Эдик снова нехорошо усмехнулся:
— Белая сорочка, белые штаны… Раньше приговоренные к смерти в белое обряжались. — Он еще налил, чокнулся с Игорем: — За наше счастливое детство! Оно ведь было у нас, было… Ну, а теперь — за благополучное возвращение Матвея!..
— Вернулся?!
— Говорит, по конкурсу не прошел. — Эдик тонко улыбнулся. — Улавливаешь, как бает наш незабвенный дядя Егор? Между прочим, вчера он первую сотню принес. Наша с тобой доля. Инка твоя неплохо начала. Хотя — не твоя она. На теплоходе видел с красавчиком. Командированный из Ленинграда. Так-то, сердцеед провинциальный.
Игорь быстро пьянел. Точнее, пьянели ноги и руки, они не подчинялись его воле. А голова была ясна, до того ясна, что казалась пустой и звенящей, как перезрелый арбуз. Тряхни ею и услышишь, как там семечки тарахтят.

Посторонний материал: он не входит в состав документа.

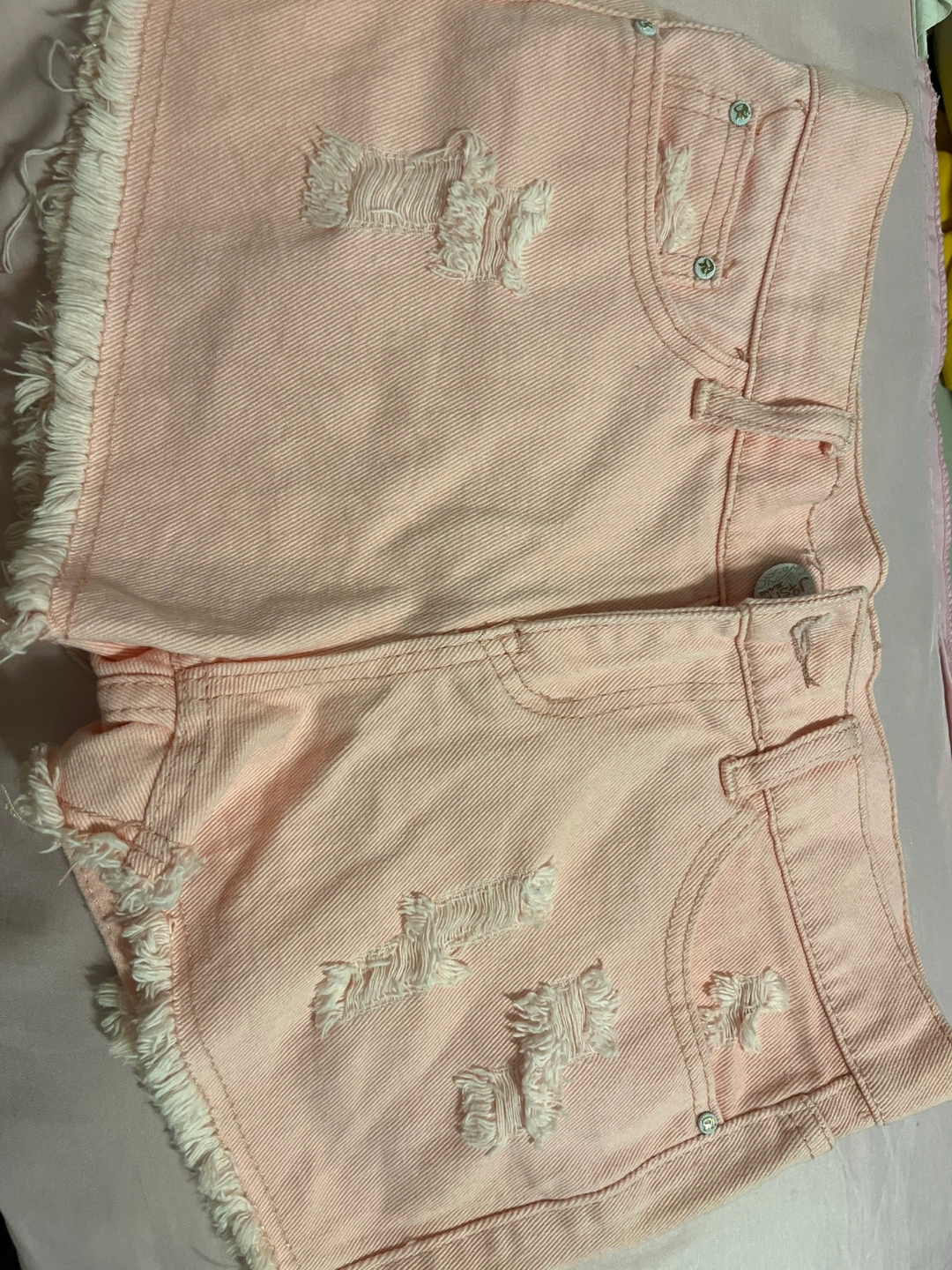 These are a pair of cute pink denim shorts with a distressed look! They are perfect for a casual, summery vibe. The shorts feature frayed edges and distressed detailing on the pockets. They're in great condition and ready for a new home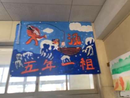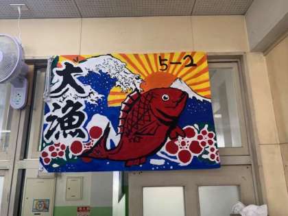 運動会のソーラン節で、使われた「大漁旗」をそれぞれの教室で掲示しています。

— Она под другого стелется, а ты… Волынил, время терял… Съезжу на месячишко в совхоз со студентами, а потом… — Эдик прищелкнул языком и пальцами: — В общем, презренный металл увезет нас с Альбиной в далекую Чехословакию. Я без пережитков, Игорь. Я простил Альбине. Женщины созданы для украшения жизни. Им все прощается. Прости и ты Инке, как уедет командированный…
Болтлив был Эдик, коньяк делал свое дело.
— Тварь ты, Эдуард… Тварь!
Глухо и как-то уж очень буднично, бесцветно сказал это Игорь, сквозь толстые стекла очков глядя на лицо Эдика, от удивления вытянувшееся еще больше. Таких слов, такого обращения к себе Эдик не слышал от Игоря за все годы знакомства.
— Я всегда говорил, что тебе вредно влюбляться и пить. Ишь, глаза налились, красные, как у кролика. А кролик и трус — синонимы. Тебе это известно? — Тон у Эдика был будто миролюбивый, тонкие губы растягивались в улыбке, но глаза вдруг стали узкими, злыми, а на щеках и у крыльев носа проступила синюшная бледность. Он всем телом, рывком подался через столик к Игорю. — Заткнись, падло! Забыл, с кем?.. Я тебе быстро мозги освежую…
С минуту они глядели один другому в глаза. И Эдик поборол, сломал взгляд Игоря, тот отвел его, снял очки, снова надел. Покрутил в руках пустую бутылку, отставил. Ни слова не говоря, поднялся и неверными шагами пошел в кухню, хлопнул там дверцей холодильника. Возвратился с поллитровкой водки.
— Давай, холодненькой… Остудимся… Пропивать так пропивать Инку!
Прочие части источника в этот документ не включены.